Tax experts have called for urgent clarification from the Central Board of Direct Taxes (CBDT) on the scope of “export incentives” under the newly implemented Income-tax Act, 2025 (ITA 2025). They warn that the broader wording could unintentionally widen the tax net and trigger fresh disputes.
The concern stems from Section 26 of the new income tax law, which replaces the more specific provisions under Section 28 of ITA 1961. Earlier, only certain export-linked incentives — such as duty drawback, Remission of Duties and Taxes on Exported Products (RoDTEP), and similar scrip-based benefits actually received by exporters — were explicitly taxable as business income. However, the new law uses the wider expression “any other export incentives”, raising apprehensions that even indirect or notional benefits could be brought within the tax ambit.
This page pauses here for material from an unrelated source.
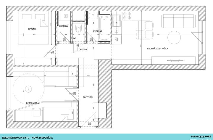 Náš 54 m2 bytík sme potrebovali upraviť tak, aby sa doň zmestila detská izba. Je to tehlový dom blízko centra Košíc medzi dvoma parkami, kvôli lokalite sme sa nechceli sťahovať. Pretože sme vedeli, že každý meter štvorcový sa počíta, najali sme inte…
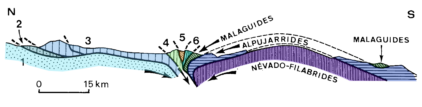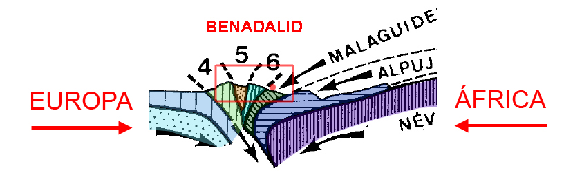 - Las calizas claras de la Sierra (6), más el terreno de bujeos marrón (5), que es de edad posterior, debieron de formarse en una cuenca entre los dos continentes.

For context, the RoDTEP scheme refunds embedded taxes and duties to exporters to make Indian goods competitive globally. The Export Promotion Capital Goods (EPCG) scheme allows businesses to import capital goods at zero or concessional Customs duty, subject to export obligations. Similarly, the Manufacturing and Other Operations in Warehouse Regulations (MOOWR) scheme permits deferred Customs duty on imported inputs used in manufacturing, improving cash flows for businesses. Experts say the shift from a scheme-specific to a principle-based approach, aimed at simplifying the law, risks creating interpretational ambiguity.
According to an tax expert, the broader reference to export incentives under Section 26 could signal a change in tax position, at least in law. “While the intent may be to streamline provisions rather than alter policy, the absence of clear boundaries risks expanding the tax net to benefits that may not have been meant to be taxed,” he said. He pointed out that notional benefits — such as savings in Customs duty under EPCG or interest and cash-flow advantages under MOOWR — could now come under scrutiny. “A timely clarification from the CBDT would help ensure consistency and avoid unintended disputes,” he added.
Echoing similar concerns, CA (Adv) Bimal Jain founder at A2Z Taxcorp LLP, said the use of a broad expression like “export incentives” introduces uncertainty around the taxability of indirect or non-monetary benefits. “In the absence of explicit legislative intent, extending the scope to duty foregone or financial/timing advantages may not align with established principles of income taxation,” he said. Jain added that clarification from the CBDT would ensure uniformity in implementation, reduce litigation, and provide certainty to exporters making business decisions.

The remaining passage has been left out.